Recently, a study in the Archives of Pediatric and Adolescent Medicine found that almost half of the pediatricians surveyed spend an average of only half an hour diagnosing ADHD children. In Australia, there has been a call for more stringent guidelines regarding the administration of Ritalin.
However, the problem of Ritalin is not just a physiological one, but a mere slice of a larger, more insidious cultural phenomena . Prescribing Ritalin (or any other drug) to kids at a young age gets them used to the idea and into the habit of taking drugs. Be it Xenical for weight loss, Prozac for depression, or even multi-vitamins as dietary supplements, we are now living in a pill-popping society, where tablets are seen as quick fixes for problems that are caused by inadequate lifestyles.
Drugs do have their purpose in specific contexts. However, it is the indiscriminate prescription and self-prescription of drugs that is disturbing. When it masks a need to make fundamental improvements in one’s lifestyle (such as changes in dietary or sleeping patterns) to ensure mental well-being, health problems become camouflaged under the convenience of simply downing a fistful of tablets a day.
What would be more frightful is when using Ritalin is used as a tool for social engineering that substitutes proper parenting and schooling, when it becomes a moral equivalent of raising children with basic care and attention.
This is already happening in some parts of the US. Resource-challenged schools and parents with no one to turn to are increasingly turning to psychotropic drugs as a last-resort. In some elementary classrooms, as much as 40% can be on stimulant medication.

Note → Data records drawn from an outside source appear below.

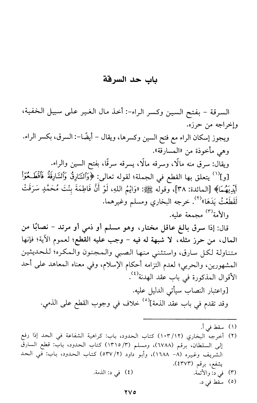[و] يتعلق بها القطع في الجملة؛ لقوله تعالى: {والسارق والسارقة فاقطعوا أيديها} [المائدة: 38]، وقوله صلى الله عليه وسلم: "وايم الله، لو أن فاطمة بنت محمد سرقت لقطعت يدها". خرحه البخاري ومسلم وغيرهما.
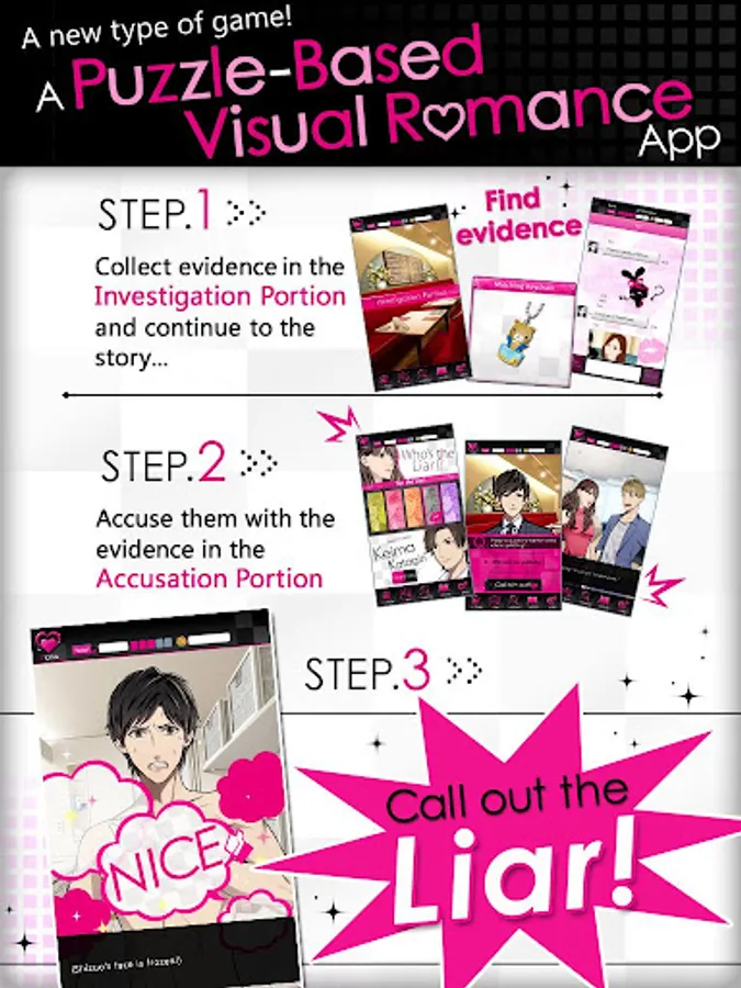 "Liar! Uncover the Truth" is a free-to-play novel-type romance app featuring exciting puzzle-based gameplay where YOU are the detective.
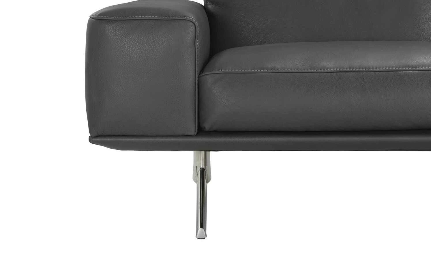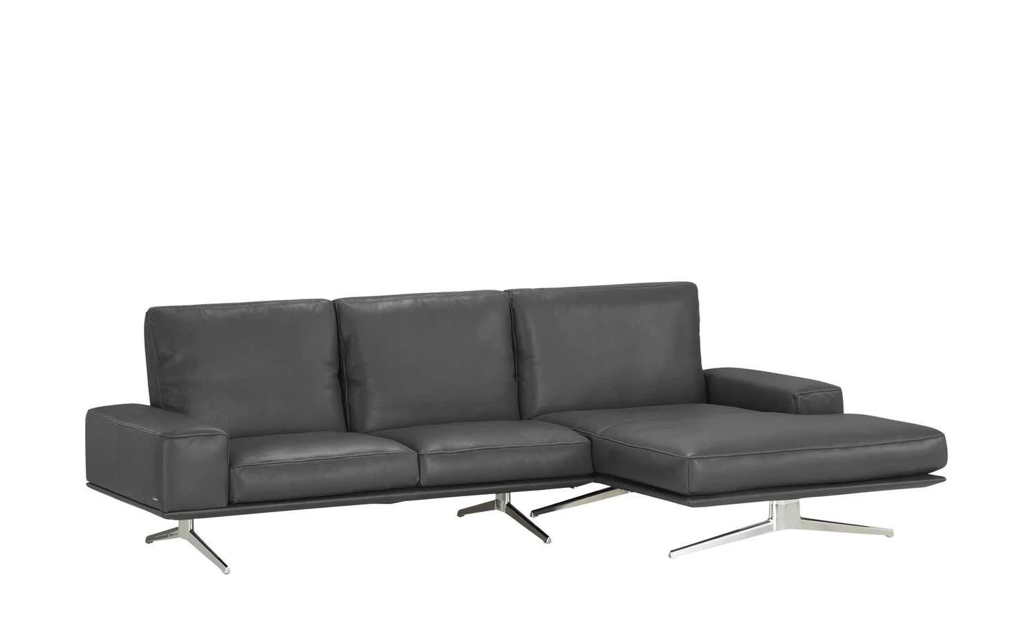 Das Ecksofa Hiero verbindet kubistische Design-Elemente mit einer modernen, klaren Linienführung. Akzentuiert wird dieser Designentwurf mit attraktiven Kontrasten in Material und Farbe. Nehmen Sie Platz und strecken Sie sich auf der extra breiten Ottomane bequem aus. Passen Sie die drei Rückenlehnen ganz Ihren Bedürfnissen an: Sie lassen sich mühelos und separat voneinander neigen. Die beiden breiten Armlehnen flankieren die Sitzfläche gekonnt und lenken den Fokus auf die einladende Sitzfläche. Der hochwertige Echtlederbezug umspannt das gesamte Sofa und setzt mit seiner Kontrastnaht liebevolle Akzente. Filigrane Schwertkufen aus poliertem Metall tragen das Ecksofa und scheinen es nahezu schweben zu lassen. Unikate gefertigt in Bayern: Die Marke KOINOR steht für einzigartige Komfortfunktionen und individuelles Design. Unter Verwendung hochwertigster Materialien entstehen Möbel mit Vorzeigecharakter.
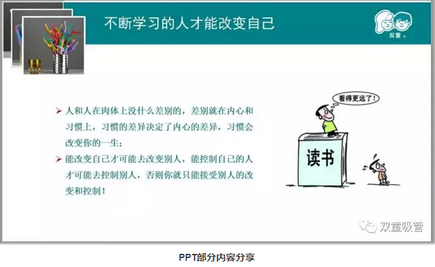 最后,妞也分享道:“無論你在哪里,都不要放棄今天的學(xué)習(xí),學(xué)到的一定是自己的,也會讓你終身受用,只有不斷地學(xué)習(xí)才能改變自己!” 有的人會說,學(xué)習(xí)是很枯燥的。但是吸管妞覺得,通過不斷地探索改革,“雙童”的學(xué)習(xí)會,卻越來越熱鬧,越來越快樂……
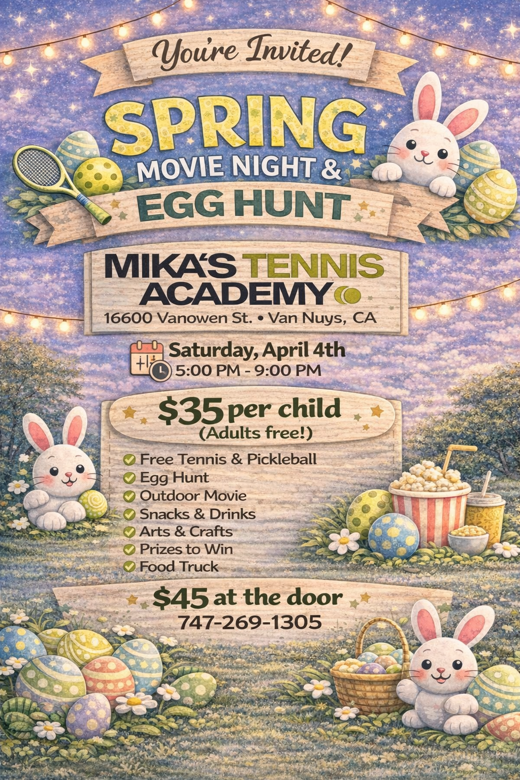 Join us at Mikas Tennis Academy for a fun-filled Spring Movie Night & Egg Hunt SATURDAY April 4th— a perfect family-friendly event to celebrate the season!
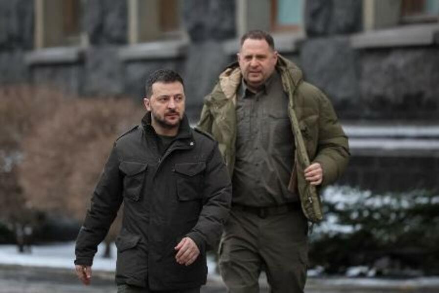 ウクライナのゼレンスキー大統領(左)とイエルマーク大統領府長官=2024年1月、キーウ(ロイター=共同)
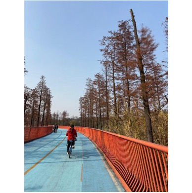 Our journey starts with Jincheng Park. Occupying 166 hectares of land, the park is located in one of the most developed regions of the city. The aim of encouraging human activities is evident in Jincheng Park. Even though there are various kinds and larger areas of trees, a bike lane separates the consistent network of tree growth. People ride on the lane for exercise with trees just beside them. This is primarily because the park bears the responsibility of attracting more residents to the area, so that the housing properties can be sold, the shopping malls nearby can have more sales, and the economy can be boosted. As a result, it is more dedicated to recreation and human engagement. This indicates the entrepreneurial analytic of rewilding in cities that inevitably concerns the demand of capital and economic growth (Turnbull et al., 2025). In the meantime, discourses that present nature as increasing wellbeing (Turnbull et al., 2025) are also adopted on this occasion by encouraging citizens to participate in exercises such as biking and jogging in this dedicated area. The rewilding here is not solely constructing a natural environment but bears complicated efficacies such as urban entrepreneurship and increasing resident health. This proves the social function of rewilding projects in the urban system.
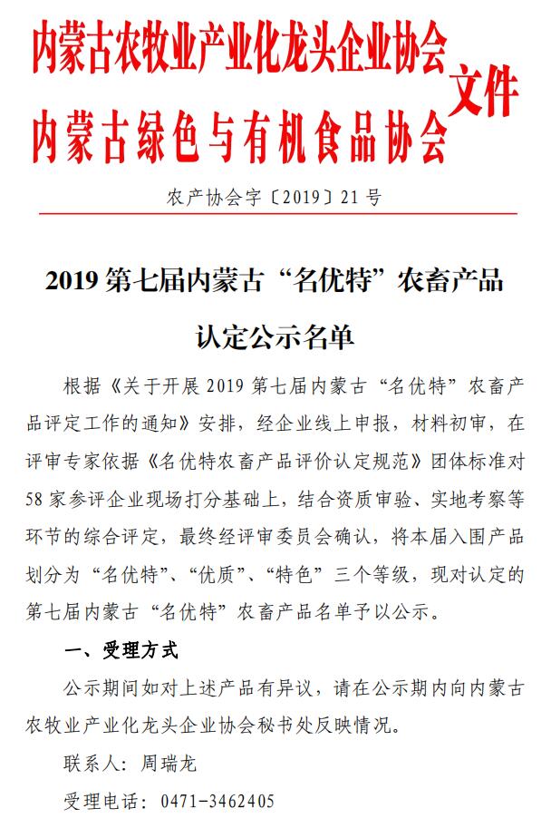 標題:2019第七屆內(nèi)蒙古“名優(yōu)特”農(nóng)畜產(chǎn)品認定公示名單
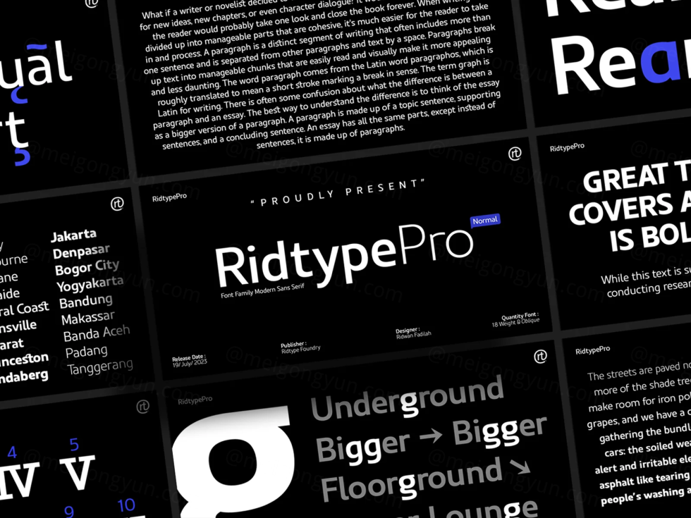 高质量现代品牌设计海报杂志排版无衬线英文字体 Ridtype Pro Font Family
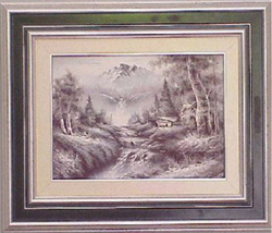 (2027) COD:PA-523 Urna a quadro con paesaggio e passpartout. Mis. cm. 42x52x7,5h. - 5,5lt.
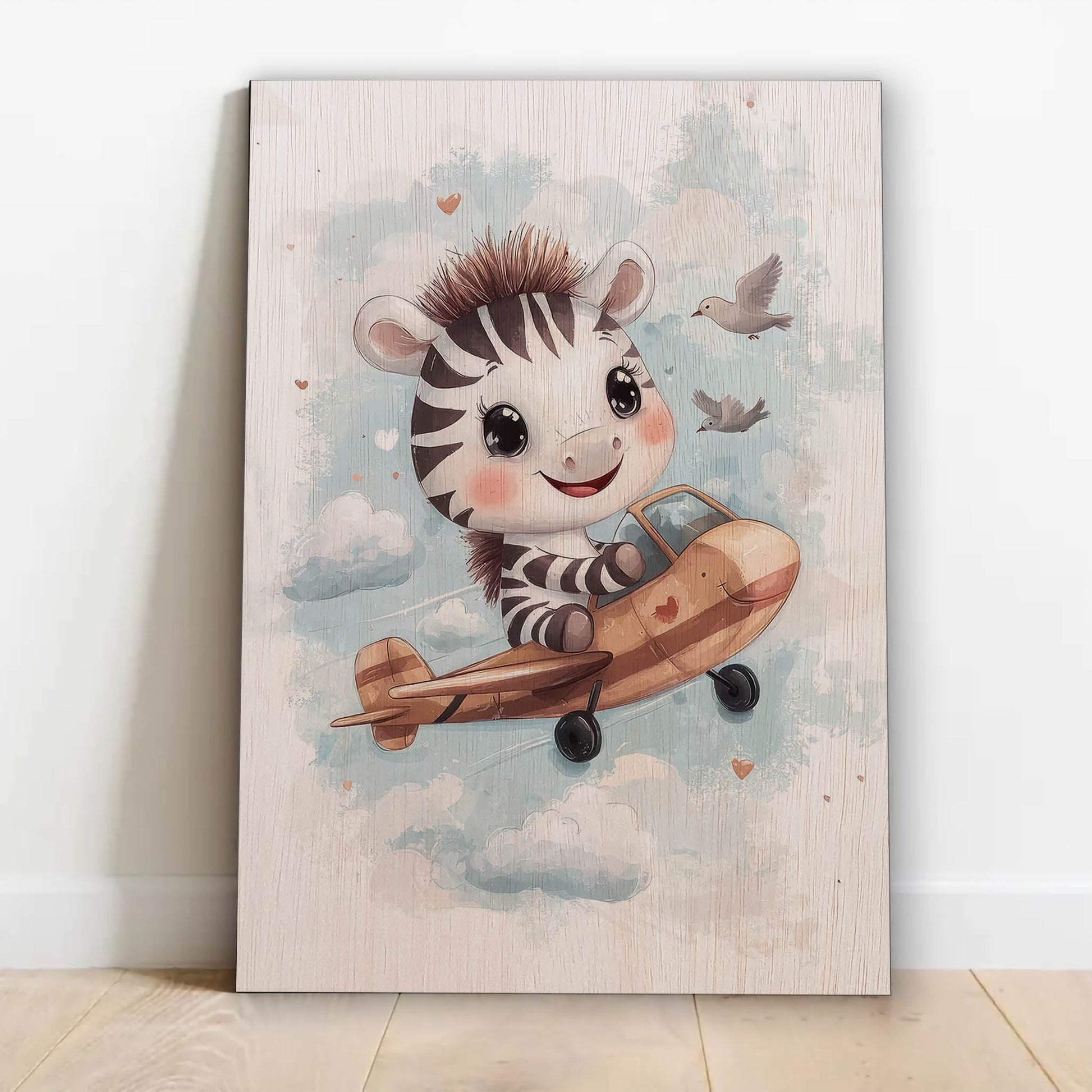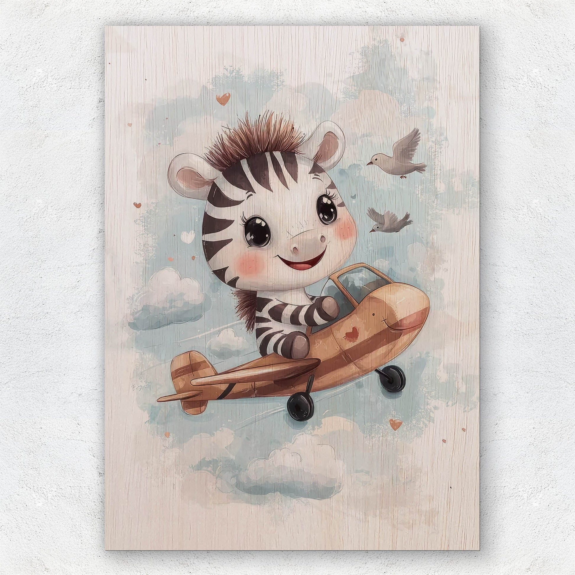 Cute Zebra Flying Airplane Laser Cut Wood Poster

Looking at the situation on purely economic rationalistic terms, it is cheaper to pay for Ritalin than it is to spend money on parental counseling or smaller classroom sizes. But should this be standard practice? What would this say about society’s prevailing attitudes on youth and childhood? Are students to be treated simply as digits to be subdued by drugs when they prove too “difficult” for guardians and teachers to handle?
What we need then is a reassessment of society’s priorities and values. Yes, ADHD is a very real and serious issue. All the more precautions should be made for it not be to misdiagnosed or used as a scapegoat for the inability of care-givers to deal with behavioral “problems”.
NOTE: Ritalin should be used only as a short-term solution for crisis situations, and not a long-term cure, ideally administered as part of a more holistic program of psychotherapy, proper dietary and sleeping habits, and basic human attention. Otherwise, giving Ritalin indiscriminately to our children will only replace one problem with a much more severe one.